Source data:
= = = = = = =
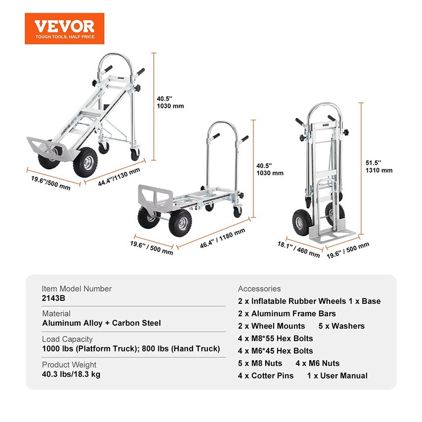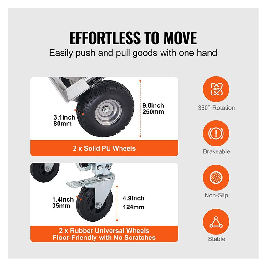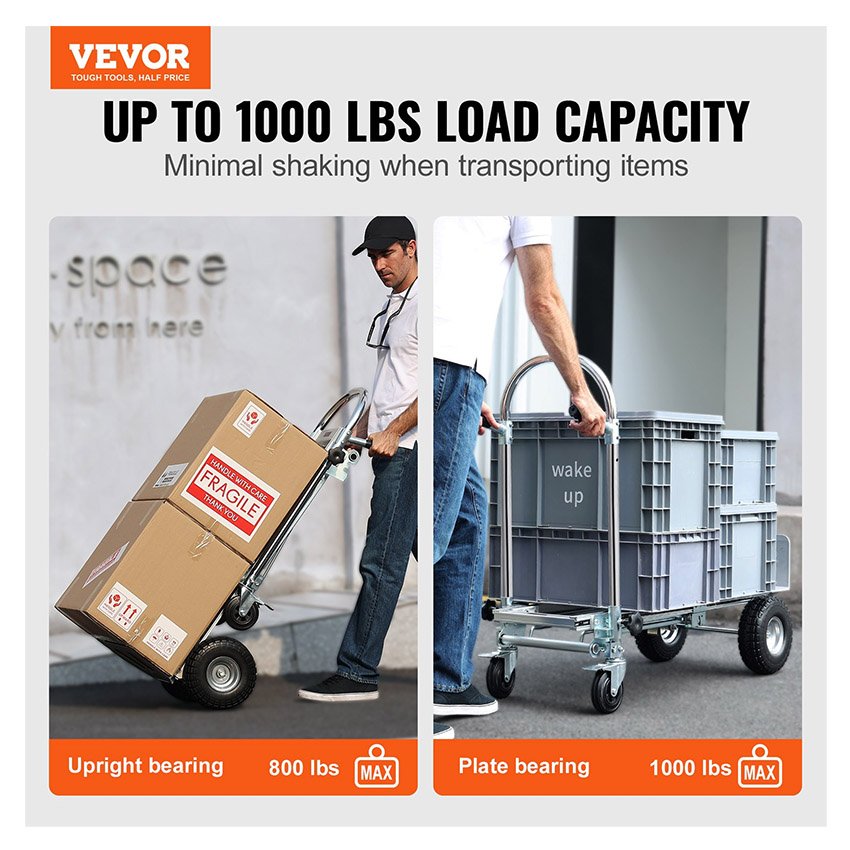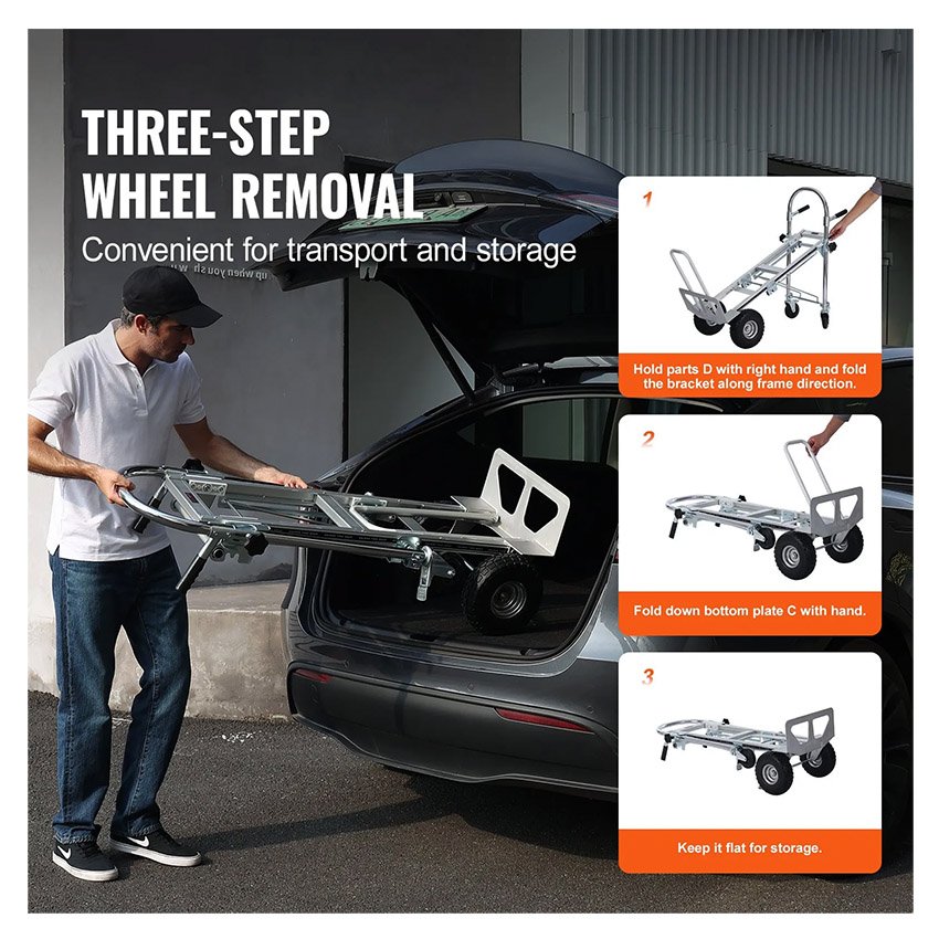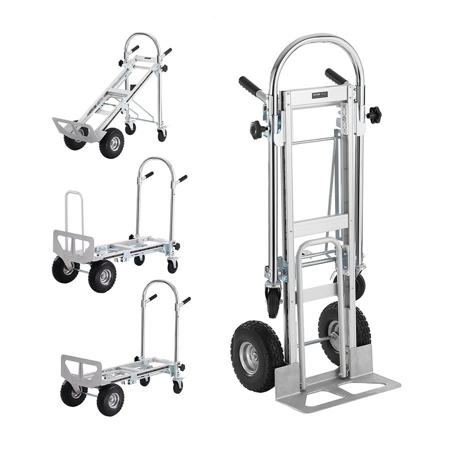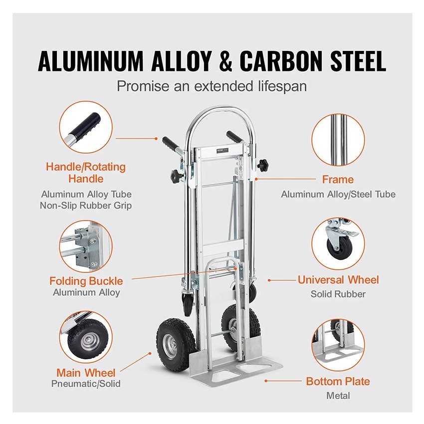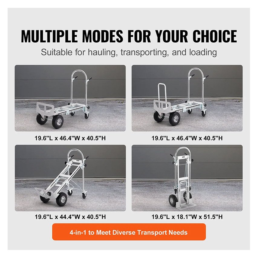 VEVOR Diable Pliant en Aluminium 4-en-1 Diable Chariot de Déménagement de Manutention Charge 454 kg Diable Convertible en Chariot à Plate-forme Roues Caoutchouc PU pour Transport Entrepôt Marchandises
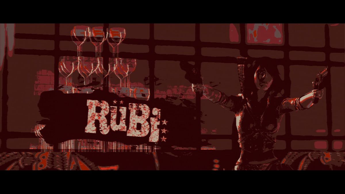 Besides the normal combat and the action/adventure-like climbing and jumping exercises in-between, there are simple quick-time events for bossfights and other scripted events and the so-called Rage-mode. At certain, pre-defined points in the game, Rubi kills an enemy at close range and gets blood all over her face. This drives her mad and turns the realistic graphics into a red-black-white cartoon-style world. During rage-mode, Rubi is nearly invulnerable, is faster and hits harder - but also has to deal with many many more enemies. Once the player has finished the game, additional difficulty settings are unlocked including an arcade-mode where each enemy can only take one bullet and Rubi also has considerably less health. In addition a points-mode, in which the player can select each level of the story-mode and try to beat their highscore, and Rubi's home are unlocked. At Rubi's home, an abandoned plane-graveyard, several different challenges await the player like getting from A to B in the fastest time possible, or shooting targets for points.
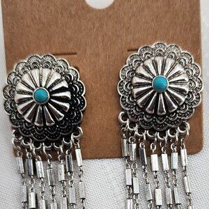 ICON Turquoise & Silver Concho Fringe Chandelier Earrings NWT
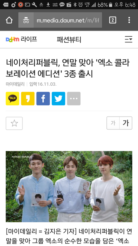 카카오스토리 보내기
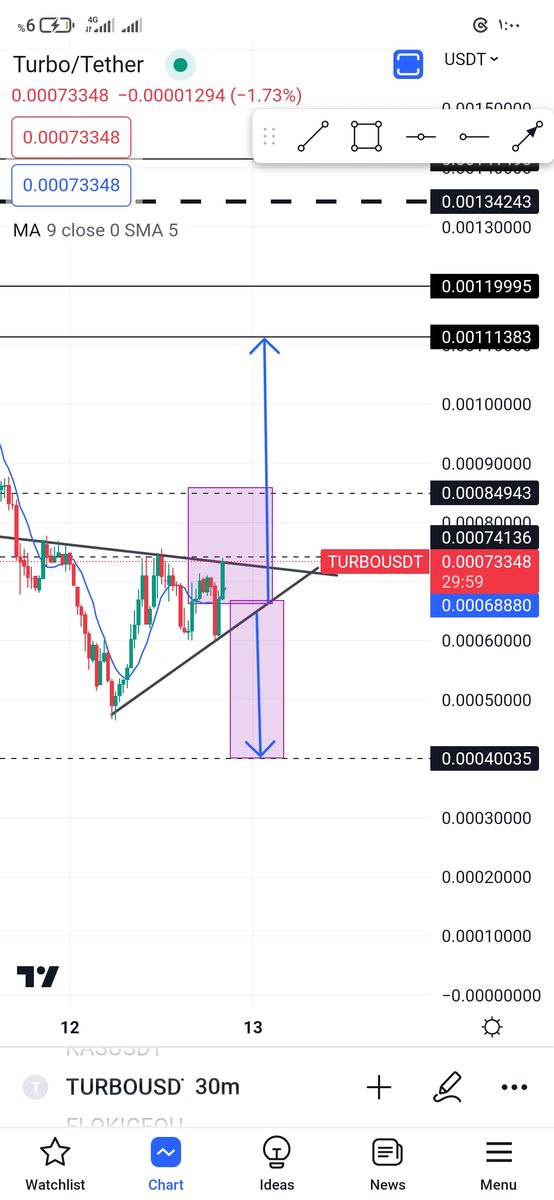 دوستان منتظرخط شکستن خط روند میلث باشید اگ ب طرف بالا بشکونه تا مقاومت بالا امکان زیاد میرع ولی ن بر عکس ب طرف حمایت میره همه چی مشخصه اگ ب سمت بالا شکست میتونید ی پله خرید کنید
= = = = = = =
Be exact. Write out all the entries and omit the pictures.

_EXERCISE SOLUTION:_
 VEVOR Diable Pliant en Aluminium 4-en-1 Diable Chariot de Déménagement de Manutention Charge 454 kg Diable Convertible en Chariot à Plate-forme Roues Caoutchouc PU pour Transport Entrepôt Marchandises
 Besides the normal combat and the action/adventure-like climbing and jumping exercises in-between, there are simple quick-time events for bossfights and other scripted events and the so-called Rage-mode. At certain, pre-defined points in the game, Rubi kills an enemy at close range and gets blood all over her face. This drives her mad and turns the realistic graphics into a red-black-white cartoon-style world. During rage-mode, Rubi is nearly invulnerable, is faster and hits harder - but also has to deal with many many more enemies. Once the player has finished the game, additional difficulty settings are unlocked including an arcade-mode where each enemy can only take one bullet and Rubi also has considerably less health. In addition a points-mode, in which the player can select each level of the story-mode and try to beat their highscore, and Rubi's home are unlocked. At Rubi's home, an abandoned plane-graveyard, several different challenges await the player like getting from A to B in the fastest time possible, or shooting targets for points.
 ICON Turquoise & Silver Concho Fringe Chandelier Earrings NWT
 카카오스토리 보내기
 دوستان منتظرخط شکستن خط روند میلث باشید اگ ب طرف بالا بشکونه تا مقاومت بالا امکان زیاد میرع ولی ن بر عکس ب طرف حمایت میره همه چی مشخصه اگ ب سمت بالا شکست میتونید ی پله خرید کنید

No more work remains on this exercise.